▶ Exercise objective:
Counting the line with "un diseño decorativo" as the last one, copy out the lines of the data exactly from the first onward.

BEGIN

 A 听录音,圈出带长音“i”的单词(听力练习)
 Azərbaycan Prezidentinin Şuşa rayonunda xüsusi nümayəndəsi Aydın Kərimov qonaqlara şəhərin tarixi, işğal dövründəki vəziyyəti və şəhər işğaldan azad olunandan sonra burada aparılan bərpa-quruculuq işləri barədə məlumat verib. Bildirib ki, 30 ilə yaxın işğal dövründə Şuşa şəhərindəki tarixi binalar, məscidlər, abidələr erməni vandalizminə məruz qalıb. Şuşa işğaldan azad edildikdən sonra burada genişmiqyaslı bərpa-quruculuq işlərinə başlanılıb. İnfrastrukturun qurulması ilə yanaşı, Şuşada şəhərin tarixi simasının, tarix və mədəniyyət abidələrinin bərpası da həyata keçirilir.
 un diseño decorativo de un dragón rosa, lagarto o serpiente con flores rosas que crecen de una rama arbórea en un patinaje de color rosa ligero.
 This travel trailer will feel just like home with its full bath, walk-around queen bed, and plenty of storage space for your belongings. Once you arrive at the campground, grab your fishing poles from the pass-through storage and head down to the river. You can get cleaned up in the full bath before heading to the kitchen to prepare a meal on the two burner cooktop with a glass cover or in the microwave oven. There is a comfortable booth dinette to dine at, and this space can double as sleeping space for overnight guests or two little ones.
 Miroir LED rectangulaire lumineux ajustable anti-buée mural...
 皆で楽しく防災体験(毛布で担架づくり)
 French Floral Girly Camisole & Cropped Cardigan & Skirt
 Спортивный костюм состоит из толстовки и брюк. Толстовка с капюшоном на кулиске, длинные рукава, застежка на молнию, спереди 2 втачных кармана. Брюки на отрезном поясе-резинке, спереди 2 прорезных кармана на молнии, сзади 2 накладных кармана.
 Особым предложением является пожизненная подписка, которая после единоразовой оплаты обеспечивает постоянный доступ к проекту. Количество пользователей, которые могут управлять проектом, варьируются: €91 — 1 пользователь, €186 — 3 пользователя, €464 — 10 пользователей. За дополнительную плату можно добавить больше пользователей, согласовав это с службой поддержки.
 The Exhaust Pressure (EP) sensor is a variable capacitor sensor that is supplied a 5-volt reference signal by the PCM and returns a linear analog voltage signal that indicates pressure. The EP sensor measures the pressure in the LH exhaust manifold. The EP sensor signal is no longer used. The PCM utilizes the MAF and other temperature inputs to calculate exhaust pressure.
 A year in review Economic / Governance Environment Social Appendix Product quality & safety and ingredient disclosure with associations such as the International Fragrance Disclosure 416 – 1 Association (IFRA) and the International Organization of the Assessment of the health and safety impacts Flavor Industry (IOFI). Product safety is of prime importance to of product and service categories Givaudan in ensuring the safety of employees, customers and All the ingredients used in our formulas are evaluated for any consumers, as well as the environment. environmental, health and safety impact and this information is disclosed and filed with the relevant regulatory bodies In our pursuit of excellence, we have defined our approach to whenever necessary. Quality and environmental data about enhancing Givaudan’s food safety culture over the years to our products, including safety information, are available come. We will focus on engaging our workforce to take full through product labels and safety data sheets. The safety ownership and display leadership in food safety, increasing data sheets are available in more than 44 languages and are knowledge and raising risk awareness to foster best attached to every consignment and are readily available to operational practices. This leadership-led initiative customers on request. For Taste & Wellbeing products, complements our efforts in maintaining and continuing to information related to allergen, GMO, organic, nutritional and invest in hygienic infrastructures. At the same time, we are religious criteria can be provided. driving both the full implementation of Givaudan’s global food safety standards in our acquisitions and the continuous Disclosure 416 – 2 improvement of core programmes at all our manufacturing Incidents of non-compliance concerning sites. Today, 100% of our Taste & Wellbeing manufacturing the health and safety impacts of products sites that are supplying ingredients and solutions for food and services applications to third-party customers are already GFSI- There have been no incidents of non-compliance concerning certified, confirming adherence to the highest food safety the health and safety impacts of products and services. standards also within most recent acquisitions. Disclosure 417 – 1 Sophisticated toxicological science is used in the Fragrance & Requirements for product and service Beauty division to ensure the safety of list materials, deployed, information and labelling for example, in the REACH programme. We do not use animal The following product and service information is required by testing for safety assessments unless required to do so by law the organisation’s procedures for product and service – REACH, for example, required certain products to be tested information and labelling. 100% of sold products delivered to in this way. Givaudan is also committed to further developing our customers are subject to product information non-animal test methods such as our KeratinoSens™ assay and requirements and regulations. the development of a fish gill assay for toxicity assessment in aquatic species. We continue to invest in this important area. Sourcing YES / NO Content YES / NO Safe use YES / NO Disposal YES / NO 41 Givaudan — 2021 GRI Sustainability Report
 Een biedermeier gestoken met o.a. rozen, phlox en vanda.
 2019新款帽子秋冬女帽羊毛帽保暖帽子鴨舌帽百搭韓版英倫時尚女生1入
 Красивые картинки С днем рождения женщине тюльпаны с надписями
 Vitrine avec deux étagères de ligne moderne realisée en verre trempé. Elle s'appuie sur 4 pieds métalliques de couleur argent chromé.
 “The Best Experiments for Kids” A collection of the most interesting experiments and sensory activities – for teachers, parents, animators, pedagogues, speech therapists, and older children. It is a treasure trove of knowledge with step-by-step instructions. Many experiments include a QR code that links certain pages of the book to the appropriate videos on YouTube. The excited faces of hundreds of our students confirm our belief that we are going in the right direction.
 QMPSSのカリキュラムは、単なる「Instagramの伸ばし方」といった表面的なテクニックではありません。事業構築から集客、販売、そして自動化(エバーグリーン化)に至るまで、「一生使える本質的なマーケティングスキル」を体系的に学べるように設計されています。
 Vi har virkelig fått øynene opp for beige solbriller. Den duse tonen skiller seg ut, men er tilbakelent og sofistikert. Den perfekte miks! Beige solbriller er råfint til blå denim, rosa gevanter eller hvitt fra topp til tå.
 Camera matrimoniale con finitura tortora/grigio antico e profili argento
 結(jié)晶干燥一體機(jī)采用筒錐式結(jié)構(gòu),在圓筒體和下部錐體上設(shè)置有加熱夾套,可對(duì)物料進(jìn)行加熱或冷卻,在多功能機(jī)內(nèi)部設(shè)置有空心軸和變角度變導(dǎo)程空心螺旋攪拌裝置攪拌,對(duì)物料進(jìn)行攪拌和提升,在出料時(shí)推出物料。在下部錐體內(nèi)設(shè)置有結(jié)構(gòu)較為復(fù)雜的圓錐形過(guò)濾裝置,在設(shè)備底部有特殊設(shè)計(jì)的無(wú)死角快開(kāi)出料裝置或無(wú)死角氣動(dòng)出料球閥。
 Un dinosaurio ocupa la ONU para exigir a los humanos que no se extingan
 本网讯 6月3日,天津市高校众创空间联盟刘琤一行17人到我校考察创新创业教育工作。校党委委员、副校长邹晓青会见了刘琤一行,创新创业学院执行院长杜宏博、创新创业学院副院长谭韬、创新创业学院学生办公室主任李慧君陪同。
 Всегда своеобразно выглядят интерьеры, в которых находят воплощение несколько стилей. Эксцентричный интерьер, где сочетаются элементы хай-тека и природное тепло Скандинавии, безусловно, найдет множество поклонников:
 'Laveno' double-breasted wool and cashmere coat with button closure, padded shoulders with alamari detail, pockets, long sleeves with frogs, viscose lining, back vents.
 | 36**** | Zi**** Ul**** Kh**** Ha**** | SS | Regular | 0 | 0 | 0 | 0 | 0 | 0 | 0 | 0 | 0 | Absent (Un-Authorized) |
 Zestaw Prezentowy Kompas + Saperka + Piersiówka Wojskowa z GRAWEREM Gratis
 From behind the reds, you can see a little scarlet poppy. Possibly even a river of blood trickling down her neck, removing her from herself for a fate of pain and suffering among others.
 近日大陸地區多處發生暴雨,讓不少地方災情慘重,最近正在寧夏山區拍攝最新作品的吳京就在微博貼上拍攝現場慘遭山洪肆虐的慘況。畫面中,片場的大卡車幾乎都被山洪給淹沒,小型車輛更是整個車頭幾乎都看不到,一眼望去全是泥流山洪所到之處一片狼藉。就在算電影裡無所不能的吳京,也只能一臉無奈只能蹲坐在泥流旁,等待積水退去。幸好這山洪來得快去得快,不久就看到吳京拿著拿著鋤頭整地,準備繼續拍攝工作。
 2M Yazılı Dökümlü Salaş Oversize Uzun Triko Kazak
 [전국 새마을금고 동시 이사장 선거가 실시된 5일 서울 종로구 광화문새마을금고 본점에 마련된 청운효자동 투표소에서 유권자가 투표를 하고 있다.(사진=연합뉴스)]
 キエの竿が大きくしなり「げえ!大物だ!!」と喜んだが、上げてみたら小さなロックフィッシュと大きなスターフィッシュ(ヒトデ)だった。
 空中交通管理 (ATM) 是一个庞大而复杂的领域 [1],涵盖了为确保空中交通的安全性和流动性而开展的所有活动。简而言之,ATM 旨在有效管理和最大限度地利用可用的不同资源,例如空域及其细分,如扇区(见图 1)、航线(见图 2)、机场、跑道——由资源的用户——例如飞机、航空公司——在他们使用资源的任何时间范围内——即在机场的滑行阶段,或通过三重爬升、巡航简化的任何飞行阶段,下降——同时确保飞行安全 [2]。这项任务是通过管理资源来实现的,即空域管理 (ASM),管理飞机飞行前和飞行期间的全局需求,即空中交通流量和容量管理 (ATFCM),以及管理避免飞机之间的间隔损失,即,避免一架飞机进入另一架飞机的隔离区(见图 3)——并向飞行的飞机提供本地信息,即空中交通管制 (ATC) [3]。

END

▶ Written solution:
 A 听录音,圈出带长音“i”的单词(听力练习)
 Azərbaycan Prezidentinin Şuşa rayonunda xüsusi nümayəndəsi Aydın Kərimov qonaqlara şəhərin tarixi, işğal dövründəki vəziyyəti və şəhər işğaldan azad olunandan sonra burada aparılan bərpa-quruculuq işləri barədə məlumat verib. Bildirib ki, 30 ilə yaxın işğal dövründə Şuşa şəhərindəki tarixi binalar, məscidlər, abidələr erməni vandalizminə məruz qalıb. Şuşa işğaldan azad edildikdən sonra burada genişmiqyaslı bərpa-quruculuq işlərinə başlanılıb. İnfrastrukturun qurulması ilə yanaşı, Şuşada şəhərin tarixi simasının, tarix və mədəniyyət abidələrinin bərpası da həyata keçirilir.
 un diseño decorativo de un dragón rosa, lagarto o serpiente con flores rosas que crecen de una rama arbórea en un patinaje de color rosa ligero.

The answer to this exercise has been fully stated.